Album Walkthrough: Get blown away by Totally Unicorn’s second album, Sorry
Wollongong’s highly energetic metalcore band reveals a “decidedly deeper” path with their latest venture.
Header image by Sandra Markovic.
This heavy New South Wales band aren’t afraid to do anything when it comes to embracing the music they produce; however, their latest album is said to touch on lyrics that mean so much more to the four lads. Best known for the ways in which they connect with each other and the audience at live shows (which may sometimes include frontman, Drew Gardner, being partially nude), Totally Unicorn are a whirlwind of a band that is quickly making a reputation for themselves. Having not released any music since 2016 with their debut album Dream Life, and teasing us with Grub late last year, fans have been left waiting in anticipation for what they’ve been working on. On cue, enter their latest creation, Sorry.
Their second album, out now via The Farmer & The Owl, is a perfect representation of who this quartet truly is. There's the old side of the group - party animals driven by riffs full of distortion - but with their latest addition, they hope to reveal a deeper and much more meaningful side to their lyrics. This album quite literally screams vulnerability and shows just how much Gardner has opened up, exploring his own life experiences and the feelings that have shaped him. He and the rest of the band have been left on full display with this powerful new ten-track album, which with its complex themes and loud, powerful sound, can sometimes be a bit to digest. However, to help you out, we've got the band themselves to talk about the album one song at a time, from its themes and lyrics to its creation and recording.
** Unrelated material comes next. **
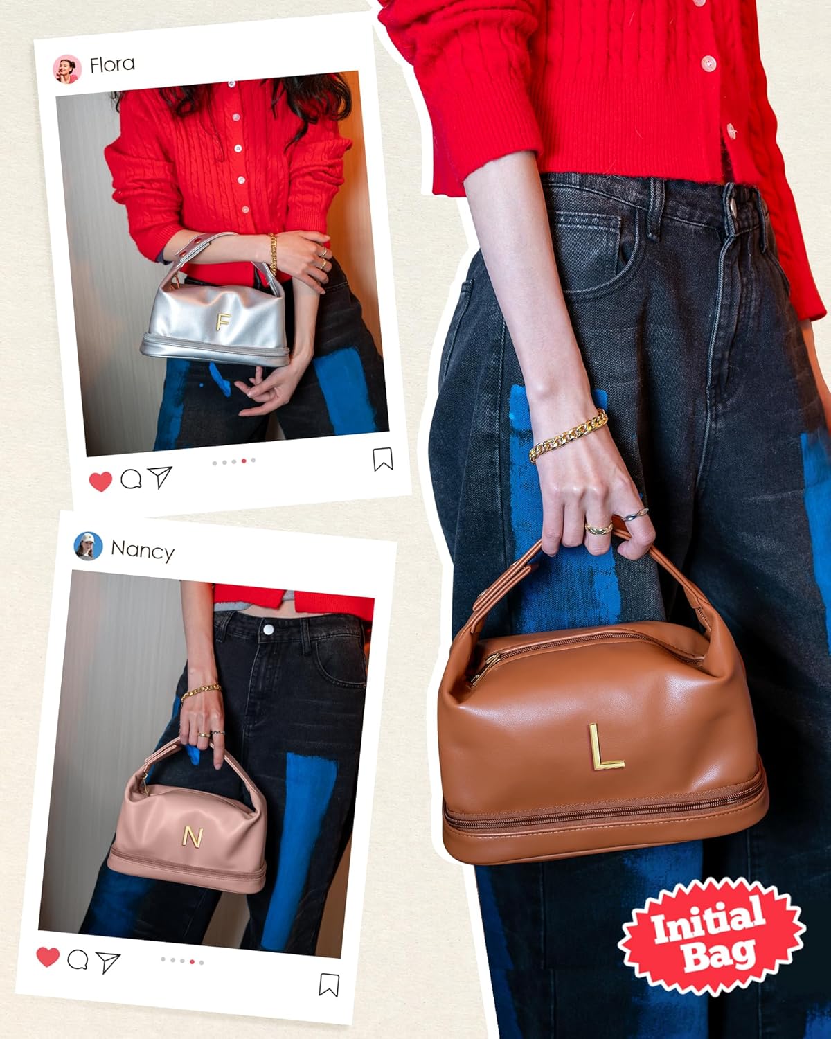 - 【Double-layer Design】The monogrammed makeup bags is double-layer with a unique design of upper and lower storage areas. The bottom compartment is great for storing cosmetics, eye shadows, makeup brushes, and other items. The top layer features a large opening for easy access, along with two small compartments for lipsticks and earrings.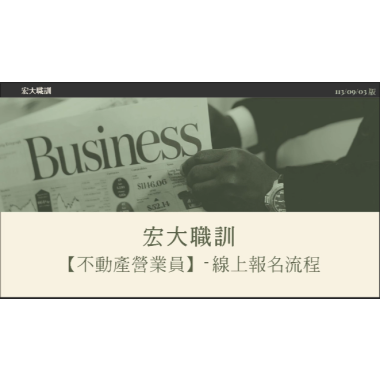不動產經紀營業員-複訓 (複訓) 宏大職訓中心~不動營業員報名流程,請先閱覽! 課程介紹 我要報名 不動產經紀營業員-新訓 (首次) 宏大職訓中心~不動營業員報名流程,請先閱覽! 課程介紹 我要報名 不動產經紀營業員-複訓 (複訓) 不動產營業員(複訓) 注意事項說明 報名前,請詳細閱讀 課程介紹 我要報名 不動產經紀營業員-新訓 (首次) 不動產營業員(新訓)退費 注意事項說明 報名前,請詳細閱讀 課程介紹 我要報名 民俗調理業傳統整復推拿 115/01/09-115/3/27 民俗調理業傳統整復推拿 學科及法規班 【技術士技能檢定】 民俗調理業傳統整復推拿職類專業課程 課程介紹 我要報名 不動產經紀營業員-複訓 (複訓) A班-115(上) 1/20-22 不動產經紀營業員(複訓) **請詳讀【課程介紹】與【報名須知】** **報名後請務必加入班群** 課程介紹 我要報名 不動產經紀營業員-新訓 (首次) 115(上) 1/6- 1/9 不動產經紀營業員(新訓) **請詳讀【課程介紹】與【報名須知】** **報名後請務必加入班群** 課程介紹 我要報名 不動產經紀營業員-新訓 (首次) 115(上) 2/3-2/6 不動產經紀營業員(新訓) **請詳讀【課程介紹】與【報名須知】** **報名後請務必加入班群** 課程介紹 我要報名 不動產經紀營業員-複訓 (複訓) A班-115(上) 2/24-2/26 不動產經紀營業員(複訓) **請詳讀【課程介紹】與【報名須知】** **報名後請務必加入班群** 課程介紹 我要報名 不動產經紀營業員-新訓 (首次) 115(上) 3/10-3/13 不動產經紀營業員(新訓) **請詳讀【課程介紹】與【報名須知】** **報名後請務必加入班群** 課程介紹 我要報名 不動產經紀營業員-新訓 (首次) 115(上) 03/14、03/15、03/21、03/22 不動產經紀營業員 (新訓) 假日班 **請詳讀【課程介紹】與【報名須知】** **報名後請務必加入班群** 課程介紹 我要報名 不動產經紀營業員-複訓 (複訓) A班-115(上) 3/24-3/26 不動產經紀營業員(複訓) **請詳讀【課程介紹】與【報名須知】** **報名後請務必加入班群** 課程介紹 我要報名 不動產經紀營業員-新訓 (首次) 115(上) 4/14-4/17不動產經紀營業員(新訓) **請詳讀【課程介紹】與【報名須知】** **報名後請務必加入班群** 課程介紹 我要報名 不動產經紀營業員-複訓 (複訓) A班-115(上) 4/28-4/30 不動產經紀營業員(複訓) **請詳讀【課程介紹】與【報名須知】** **報名後請務必加入班群** 課程介紹 我要報名 不動產經紀營業員-新訓 (首次) 115(上) 5/12- 5/15 不動產經紀營業員(新訓) **請詳讀【課程介紹】與【報名須知】** **報名後請務必加入班群** 課程介紹 我要報名 不動產經紀營業員-新訓 (首次) 115(上) 05/16、05/17、05/23、05/24 不動產經紀營業員 (新訓) 假日班 **請詳讀【課程介紹】與【報名須知】** **報名後請務必加入班群** 課程介紹 我要報名 不動產經紀營業員-複訓 (複訓) A班-115(上) 5/26-5/28 不動產經紀營業員(複訓) **請詳讀【課程介紹】與【報名須知】** **報名後請務必加入班群** 課程介紹 我要報名 不動產經紀營業員-新訓 (首次) 115(上) 6/9-6/12 不動產經紀營業員(新訓) **請詳讀【課程介紹】與【報名須知】** **報名後請務必加入班群** 課程介紹 我要報名 不動產經紀營業員-複訓 (複訓) A班-115(上) 6/23-6/25 不動產經紀營業員(複訓) **請詳讀【課程介紹】與【報名須知】** **報名後請務必加入班群** 課程介紹 我要報名 不動產經紀營業員-新訓 (首次) 115(下) 7/04-7/12 不動產經紀營業員(新訓) 假日班 **請詳讀【課程介紹】與【報名須知】** **報名後請務必加入班群** 課程介紹 我要報名 不動產經紀營業員-新訓 (首次) 115(下) 7/14-7/17 不動產經紀營業員(新訓) **請詳讀【課程介紹】與【報名須知】** **報名後請務必加入班群** 課程介紹 我要報名 不動產經紀營業員-複訓 (複訓) A班-115(下) 7/28-7/30 不動產經紀營業員(複訓) **請詳讀【課程介紹】與【報名須知】** **報名後請務必加入班群** 課程介紹 我要報名 不動產經紀營業員-新訓 (首次) 115(下) 8/11-8/14 不動產經紀營業員(新訓) **請詳讀【課程介紹】與【報名須知】** **報名後請務必加入班群** 課程介紹 我要報名 不動產經紀營業員-新訓 (首次) 115(下) 8/15-8/23 不動產經紀營業員(新訓) 假日班 **請詳讀【課程介紹】與【報名須知】** **報名後請務必加入班群** 課程介紹 我要報名 不動產經紀營業員-複訓 (複訓) A班-115(下) 8/25-8/27 不動產經紀營業員(複訓) **請詳讀【課程介紹】與【報名須知】** **報名後請務必加入班群** 課程介紹 我要報名 不動產經紀營業員-新訓 (首次) 115(下) 9/08-9/11 不動產經紀營業員(新訓) **請詳讀【課程介紹】與【報名須知】** **報名後請務必加入班群** 課程介紹 我要報名 領隊導遊證照 【115/2/3、2/5、2/7領隊考前】 & 【115/3/3、3/5、3/7 導遊】考前總複習班 **難得機會**學員優惠** **專業講師、專業課程** 課程介紹 我要報名 不動產經紀營業員-複訓 (複訓) A班-115(下) 9/22-9/24 不動產經紀營業員(複訓) **請詳讀【課程介紹】與【報名須知】** **報名後請務必加入班群** 課程介紹 我要報名 不動產經紀營業員-新訓 (首次) 115(下) 10/13-10/15 不動產經紀營業員(新訓) **請詳讀【課程介紹】與【報名須知】** **報名後請務必加入班群** 課程介紹 我要報名 不動產經紀營業員-複訓 (複訓) A班-115(下) 10/28-10/30不動產經紀營業員(複訓) **請詳讀【課程介紹】與【報名須知】** **報名後

Dive into it all while you stream the record below, and then catch them at dates across the next few weeks at the end of this feature.
This was funnily the last song that I wrote lyrics for but did it on purpose. I wanted Sorry to sum up and introduce the rest of the songs on the album. I wrote it on the day I was to record it, while eating lunch at a pub near the studio. I actually remember the moment vividly. As I ate my schnitzel and drank my beer, I sat there and thought to myself: I’m getting older, a lot of shit has happened in the past couple of years and fuck it let’s move on... that’s Sorry.
It’s about the love/hate I have for where I live in the Inner West of Sydney. It’s a real bubble that you can get trapped in and never leave. But I love it either way.
It’s a song about change. Change in circumstances, change in oneself and change in the way life is heading. These things can be dealt with in a few different ways. It always seems easier for myself to hold change in and keep trucking the same old way even when it’s horrible. Unfortunately, this just makes it worse.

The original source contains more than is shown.